全くありません。インターネットだけだと、商品にたどり着く人が格段に少なくなる。カタログを出していれば、休日にホームセンターで見かけるということもある。結果的にはネットでの注文が多くなっていますが、実際にモノタロウを認知した媒体ということでいうと、カタログが大きな割合を占めると思っています。

もうひとつの理由として、「欲しいもの以外の商品も見てもらえる強み」がカタログにはあると思っています。ネットでは、欲しいものだけを検索して購入して終わり。カタログには欲しいものを見つけるまでに、さまざまな商品が目に入り、目的以外の商品も購入する割合が多いと思っています。今、商品をランダムに見せていくメディアで、カタログに勝るものはないと思っています。

不況に強い事業体

●08年はどのように事業展開していくのですか。
工具などは、第一ブランドがシェアの60〜70%をとるという傾向があります。しかし、今年は景気が悪化し、商品価格は高騰するといわれています。そうなってくると第一ブランド以外の安い商品を探す人も増えてくる。さまざまな商品を販売している当社の場合、そういったところに、今年の商機があるのではないかと思っています。
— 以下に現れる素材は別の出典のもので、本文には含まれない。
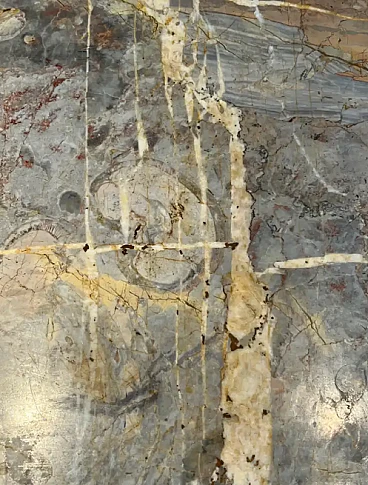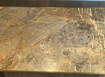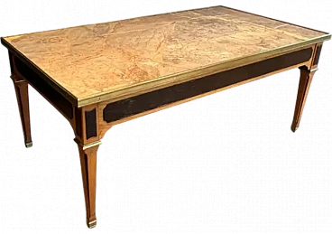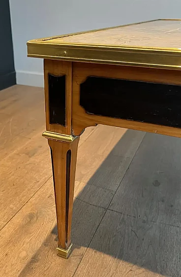 This very nice and elegant neoclassical style coffee table is made of patinated wood and brass with a marble top. This cocktail table is a French work. Circa 1940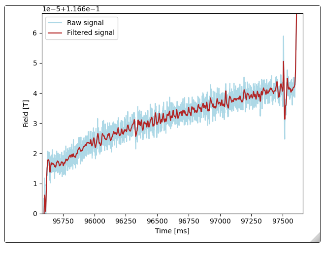 Through attentuating specific frequencies using bandstop frequencies, with peaks detected using scipy peak-detection algorithm, we achieve field measurements with peak-to-peak ripples in the 6e-6 T range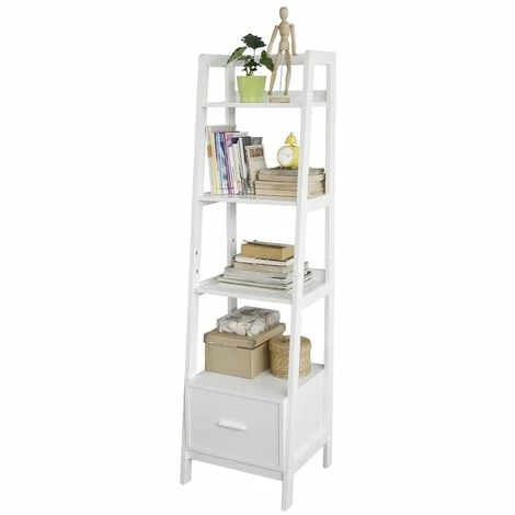 About this item-SoBuy 4-Tiers Ladder Storage Bookcases and Shelving Unit with Drawer ,FRG116-K-W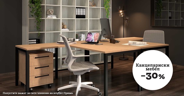 Направи од канцеларијата место во кое секое утро со радост ја започнуваш својата работа. Искористи го попустот од 30 % на канцелариски мебел кој трае од 2 до 9. 10 во сите салони на Прима.
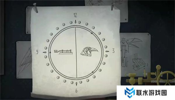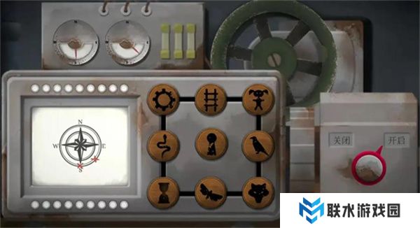 上楼后,点击中央的图纸,屏幕会显示一个类似大门的锁图案,左侧是电报机,右侧是那只鸟,周围有旋转的箭头。此时玩家二需要在鸟的笼子上输入名字KOL,并观察鸟的眼睛亮灭顺序:暗、亮、暗、亮、亮、亮、暗、暗、亮、亮、亮、暗。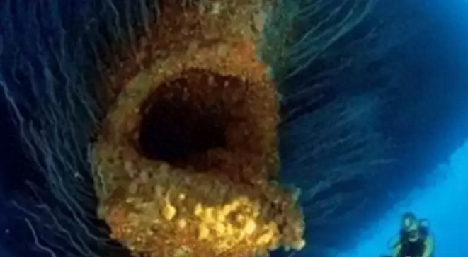 这个海底“巨兽”看上去十分恶心,全身都长满了黄色的不明物质,凹凸不平,长着大嘴,仿佛能把你吸进去,还有很多须须,渗人得很,但是事实上它只是一艘生了锈的船!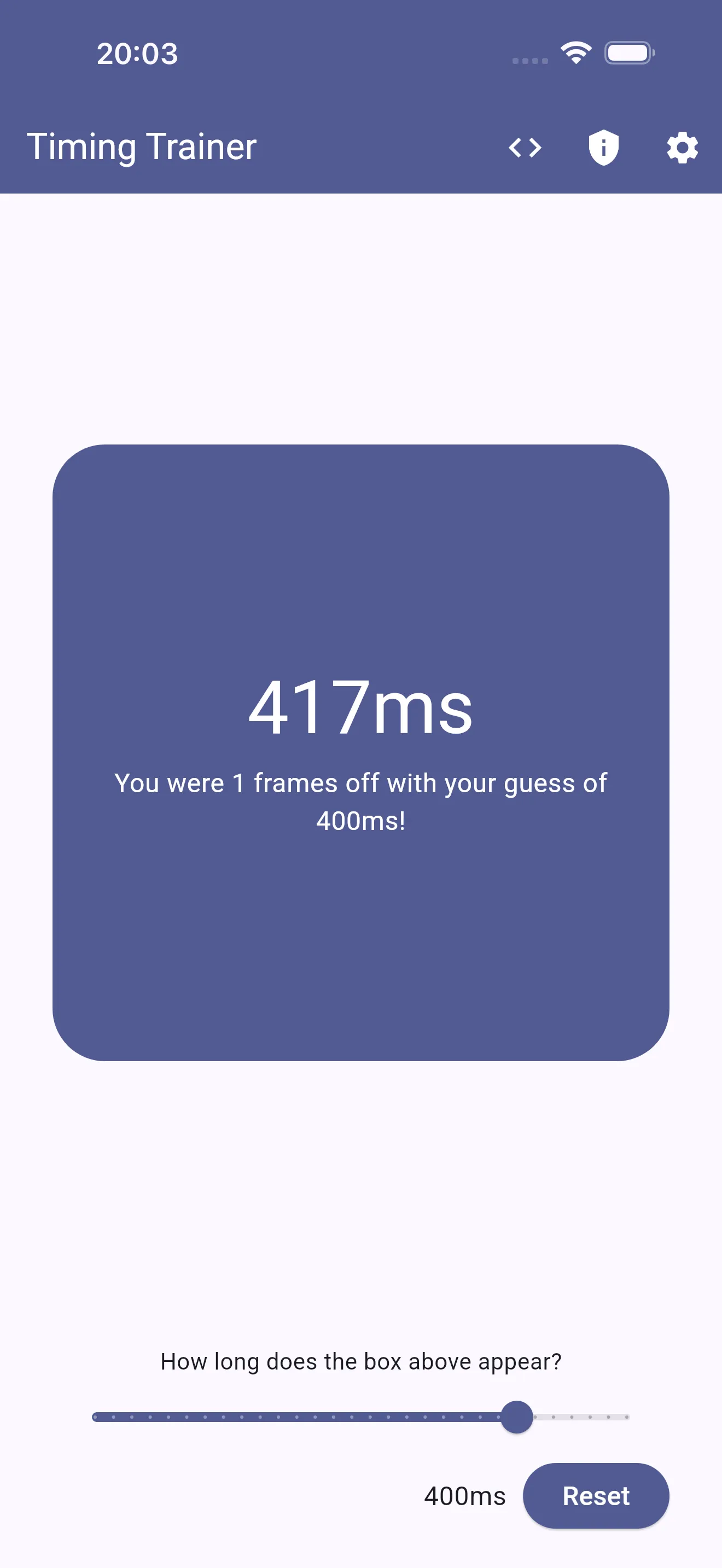 Timing Trainer presents you with a blinking square and you guess the time between blinks. As you play, you'll get better at recognizing sub-second intervals.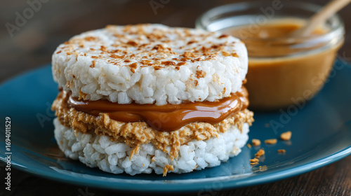 A sandwich of rice cakes with peanut butter. wholesome protein snack.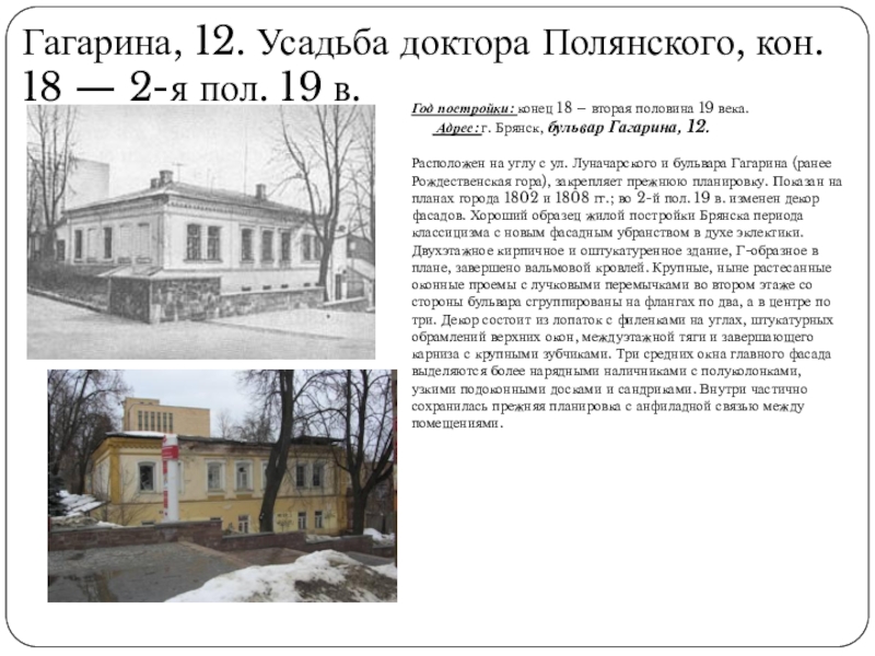 Слайд 6Гагарина, 12. Усадьба доктора Полянского, кон. 18 — 2-я пол. 19

プライベートブランド商品などは、市場価格より安く提供できるため、面白くなるんじゃないかと思っています。

また、一般論として不況になってくると、新規の機会を買わなくなってきます。そうなると、メンテナンス商品を購入するようになってくる。メンテナンス商品の取り扱いにおいては、幅広く行っているため、当社の事業というのは、比較的不況に強いという特徴があります。

●商品を増やしていく考えは。
今年も現在あるカテゴリーの中の商品数を増やしていくとともに、取扱商品カテゴリーを増やしていくつもりです。ただ、カテゴリーの数を増やしすぎてしまうと、お客さんにとって探しにくくなってしまうので、統廃合していかなければならないと思っています。

●今後の目標は
最初に2000億円という数字を出しましたが、実はそれ自体には全くこだわっていません。むしろ、いい会社にしていきたいという思いのほうが強い。いい会社というのは、仕事をしていて楽しく、社会に対しても大きな意味を持つ会社だと思っている。モノタロウは社会にとって、なくてはならない会社になっているかといわれると、まだまだだと思う。もっと大きな会社にすることで、意味のある会社にし、楽しく仕事をしたいですね。

瀬戸欣哉(せと・きんや)
1960年生まれ。83年東京大学経済学部卒業後、住友商事株式会社に入社。96年米国ダートマス大学にてMBA取得。98年米国アイアンダイナミックスプロセスインターナショナル社社長を経て、2000年住商グレンジャー社設立、取締役就任。01年同社代表取締役社長就任、05年住友商事株式会社退社、06年株式会社MonotaRO代表執行役社長就任。06年12月東証マザーズに上場。